Finance Minister Njuguna Ndung’u outlined the austerity measures and issued guidelines for budget cuts in 24 areas to plug a Sh346 billion shortfall that emerged after the 2024 Finance Bill was withdrawn following public protests.
Government spending cuts range from 20% to 100% and cover areas such as communications, travel, membership fees, training, reception and various contract services.
Amid a public outcry, President Ruto announced new austerity measures last week, saying: “The number of government advisers will be reduced by 50% with immediate effect.”
“Similarly, confidential budget allocations will be eliminated for various executive offices, including mine, and the renovation budget across government will be reduced by 50 per cent.”
The move is expected to hit consultancies hard as the government has already imposed a 20% discount on contracted professional services. This could result in a drop in the number of projects and contracts for consultancies.
The hotel and airline industries are also likely to be affected, with domestic travel and living expenses expected to fall by 50% and foreign travel and living expenses by 20%. This could lead to a drop in business travel as well as hotel and airline bookings.
Banks will also be affected by the austerity measures following the government’s decision to cancel housing and car loans for civil servants, an important source of income for financial institutions.
Cutting government spending is Ruto governmentThe move is, however, seen as a double-edged sword that could have a ripple effect across sectors, forcing businesses to adapt and find new ways to cope with the changing landscape.
“These austerity measures are a clear demonstration of the government’s commitment to fiscal discipline, but will undoubtedly put pressure on several sectors,” said economist Wanjiku Mwangi.
“Faced with budget cuts, companies need to reevaluate their strategies and find new ways to stay competitive.”

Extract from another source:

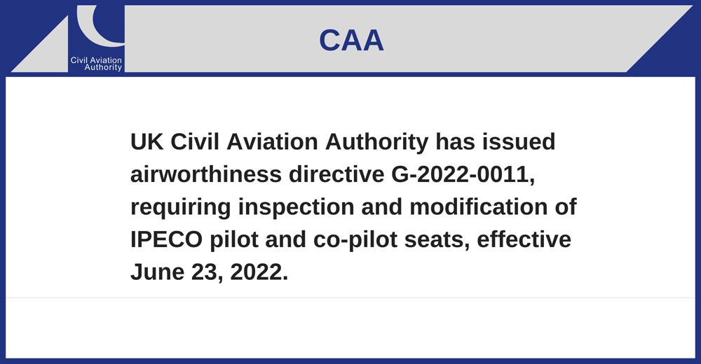 UK Civil Aviation Authority has issued airworthiness directive G-2022-0011, requiring inspection and modification of IPECO pilot and co-pilot seats, effective June 23, 2022.

The government has not yet announced a timetable for implementing austerity measures, but analysts and traders expect the impact to be felt in the coming months as spending cuts are phased in across government agencies. Other experts say the government still has room to eliminate waste without affecting key sectors or service delivery, including health and education.
They point out that recently, Kenya’s Kwanza government has been aggressively pursuing austerity policies, but most government agencies have once again become the target of criticism for squandering public funds. The president initially asked senior officials to cut public spending and save money to pursue the government’s development agenda, but the order seems to have fallen on deaf ears as the government continues to spend hundreds of millions of shillings on travel, entertainment and the purchase of new luxury equipment.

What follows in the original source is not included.